- TASK OBJECTIVE -
The answer must be an exact copy of the lines from the one containing "This Multi-Jaw Bench" through the last line of the records, with the pictures left out.

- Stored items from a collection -
================================

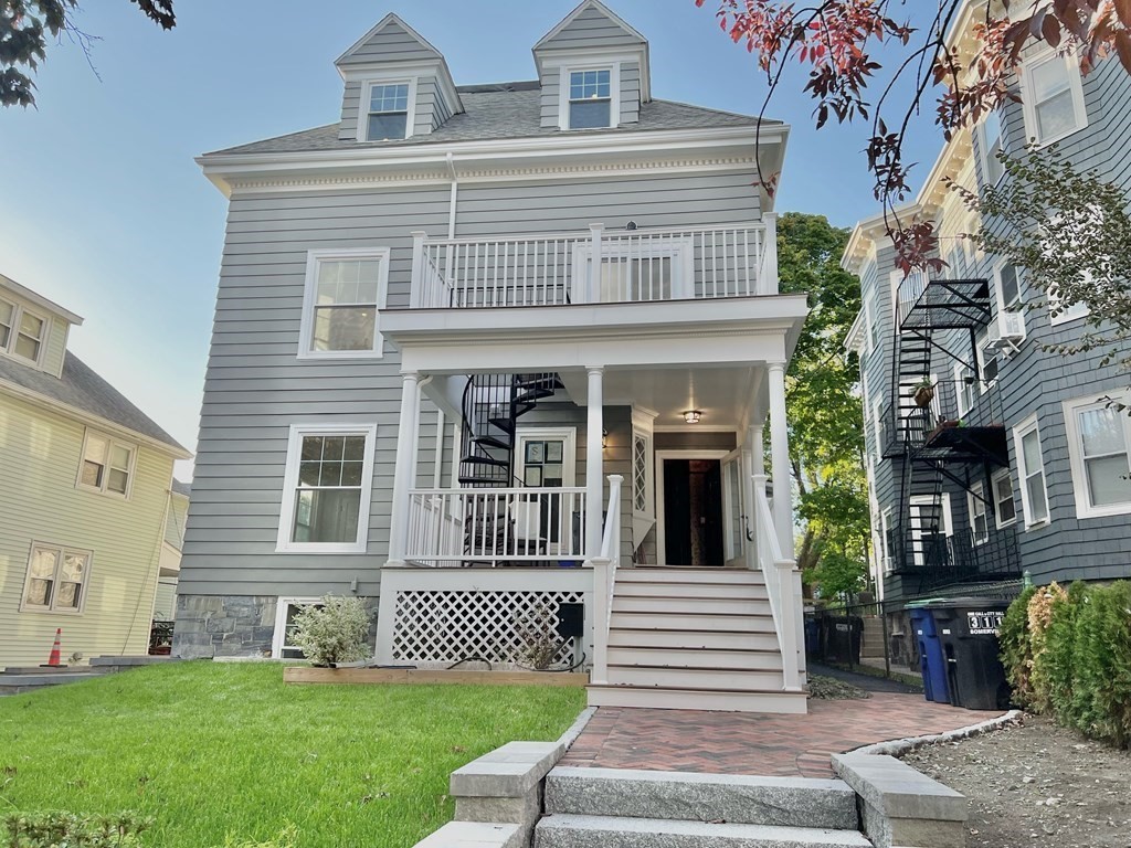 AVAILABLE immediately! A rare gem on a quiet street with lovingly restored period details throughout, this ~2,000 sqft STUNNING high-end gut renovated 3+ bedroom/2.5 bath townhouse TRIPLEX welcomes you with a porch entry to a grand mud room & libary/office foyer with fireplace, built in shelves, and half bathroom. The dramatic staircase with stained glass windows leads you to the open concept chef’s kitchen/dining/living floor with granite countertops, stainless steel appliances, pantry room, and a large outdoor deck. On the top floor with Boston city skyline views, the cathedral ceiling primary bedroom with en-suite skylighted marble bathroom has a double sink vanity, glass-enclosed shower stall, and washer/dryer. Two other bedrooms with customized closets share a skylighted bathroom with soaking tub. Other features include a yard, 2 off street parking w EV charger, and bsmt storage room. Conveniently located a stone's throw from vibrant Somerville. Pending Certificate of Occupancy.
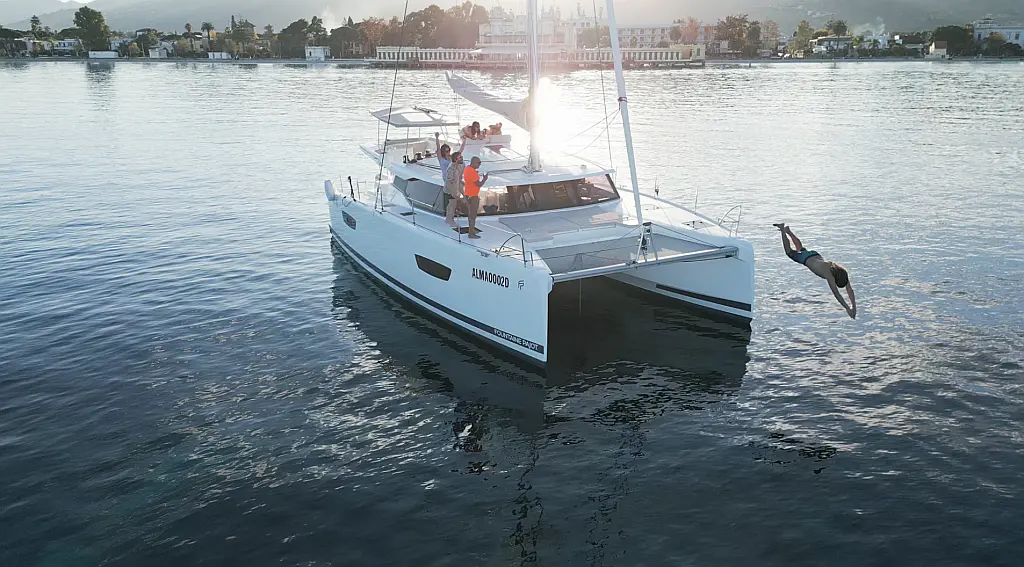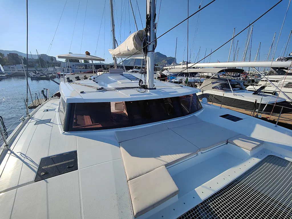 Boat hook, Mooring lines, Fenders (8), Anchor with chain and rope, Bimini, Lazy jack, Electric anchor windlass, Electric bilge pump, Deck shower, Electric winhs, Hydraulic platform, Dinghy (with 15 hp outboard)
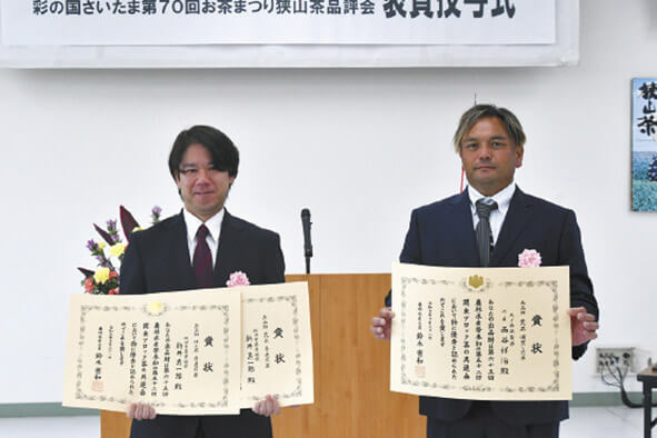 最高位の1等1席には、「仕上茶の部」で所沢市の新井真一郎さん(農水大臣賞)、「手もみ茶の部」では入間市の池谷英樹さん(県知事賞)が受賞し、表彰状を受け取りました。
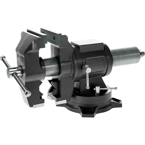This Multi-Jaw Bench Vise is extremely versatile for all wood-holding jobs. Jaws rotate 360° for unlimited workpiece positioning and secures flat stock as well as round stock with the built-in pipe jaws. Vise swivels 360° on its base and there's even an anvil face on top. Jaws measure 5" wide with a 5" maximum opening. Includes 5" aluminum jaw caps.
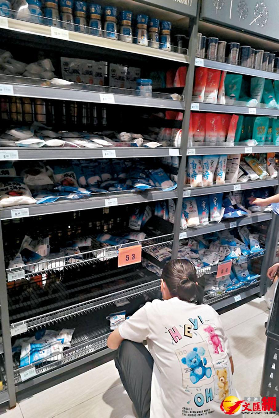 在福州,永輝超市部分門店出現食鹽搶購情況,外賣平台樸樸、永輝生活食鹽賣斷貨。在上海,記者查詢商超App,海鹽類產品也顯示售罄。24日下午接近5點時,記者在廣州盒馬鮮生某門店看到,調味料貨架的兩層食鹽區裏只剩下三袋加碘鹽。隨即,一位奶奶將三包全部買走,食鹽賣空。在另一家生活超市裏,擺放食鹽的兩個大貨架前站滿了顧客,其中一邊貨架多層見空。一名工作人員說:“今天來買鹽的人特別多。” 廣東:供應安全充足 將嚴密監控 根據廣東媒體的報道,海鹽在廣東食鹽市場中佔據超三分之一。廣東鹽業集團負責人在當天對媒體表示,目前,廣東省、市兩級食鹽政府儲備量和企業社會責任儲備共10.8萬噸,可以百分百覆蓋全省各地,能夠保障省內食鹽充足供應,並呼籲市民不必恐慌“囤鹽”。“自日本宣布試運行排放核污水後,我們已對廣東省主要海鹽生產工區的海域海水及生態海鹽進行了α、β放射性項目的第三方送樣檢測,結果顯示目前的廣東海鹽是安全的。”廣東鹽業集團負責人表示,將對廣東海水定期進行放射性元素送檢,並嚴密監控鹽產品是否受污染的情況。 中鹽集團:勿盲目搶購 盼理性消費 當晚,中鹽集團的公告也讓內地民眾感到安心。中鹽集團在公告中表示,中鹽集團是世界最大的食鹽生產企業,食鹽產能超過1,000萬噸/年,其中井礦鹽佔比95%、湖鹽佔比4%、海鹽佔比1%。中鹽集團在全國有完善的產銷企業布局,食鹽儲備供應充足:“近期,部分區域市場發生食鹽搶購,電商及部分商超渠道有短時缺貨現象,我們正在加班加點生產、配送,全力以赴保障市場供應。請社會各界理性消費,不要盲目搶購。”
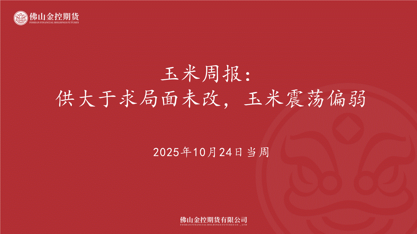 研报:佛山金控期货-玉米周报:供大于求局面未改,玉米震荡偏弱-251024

================================

- TASK OUTPUT -
This Multi-Jaw Bench Vise is extremely versatile for all wood-holding jobs. Jaws rotate 360° for unlimited workpiece positioning and secures flat stock as well as round stock with the built-in pipe jaws. Vise swivels 360° on its base and there's even an anvil face on top. Jaws measure 5" wide with a 5" maximum opening. Includes 5" aluminum jaw caps.
 在福州,永輝超市部分門店出現食鹽搶購情況,外賣平台樸樸、永輝生活食鹽賣斷貨。在上海,記者查詢商超App,海鹽類產品也顯示售罄。24日下午接近5點時,記者在廣州盒馬鮮生某門店看到,調味料貨架的兩層食鹽區裏只剩下三袋加碘鹽。隨即,一位奶奶將三包全部買走,食鹽賣空。在另一家生活超市裏,擺放食鹽的兩個大貨架前站滿了顧客,其中一邊貨架多層見空。一名工作人員說:“今天來買鹽的人特別多。” 廣東:供應安全充足 將嚴密監控 根據廣東媒體的報道,海鹽在廣東食鹽市場中佔據超三分之一。廣東鹽業集團負責人在當天對媒體表示,目前,廣東省、市兩級食鹽政府儲備量和企業社會責任儲備共10.8萬噸,可以百分百覆蓋全省各地,能夠保障省內食鹽充足供應,並呼籲市民不必恐慌“囤鹽”。“自日本宣布試運行排放核污水後,我們已對廣東省主要海鹽生產工區的海域海水及生態海鹽進行了α、β放射性項目的第三方送樣檢測,結果顯示目前的廣東海鹽是安全的。”廣東鹽業集團負責人表示,將對廣東海水定期進行放射性元素送檢,並嚴密監控鹽產品是否受污染的情況。 中鹽集團:勿盲目搶購 盼理性消費 當晚,中鹽集團的公告也讓內地民眾感到安心。中鹽集團在公告中表示,中鹽集團是世界最大的食鹽生產企業,食鹽產能超過1,000萬噸/年,其中井礦鹽佔比95%、湖鹽佔比4%、海鹽佔比1%。中鹽集團在全國有完善的產銷企業布局,食鹽儲備供應充足:“近期,部分區域市場發生食鹽搶購,電商及部分商超渠道有短時缺貨現象,我們正在加班加點生產、配送,全力以赴保障市場供應。請社會各界理性消費,不要盲目搶購。”
 研报:佛山金控期货-玉米周报:供大于求局面未改,玉米震荡偏弱-251024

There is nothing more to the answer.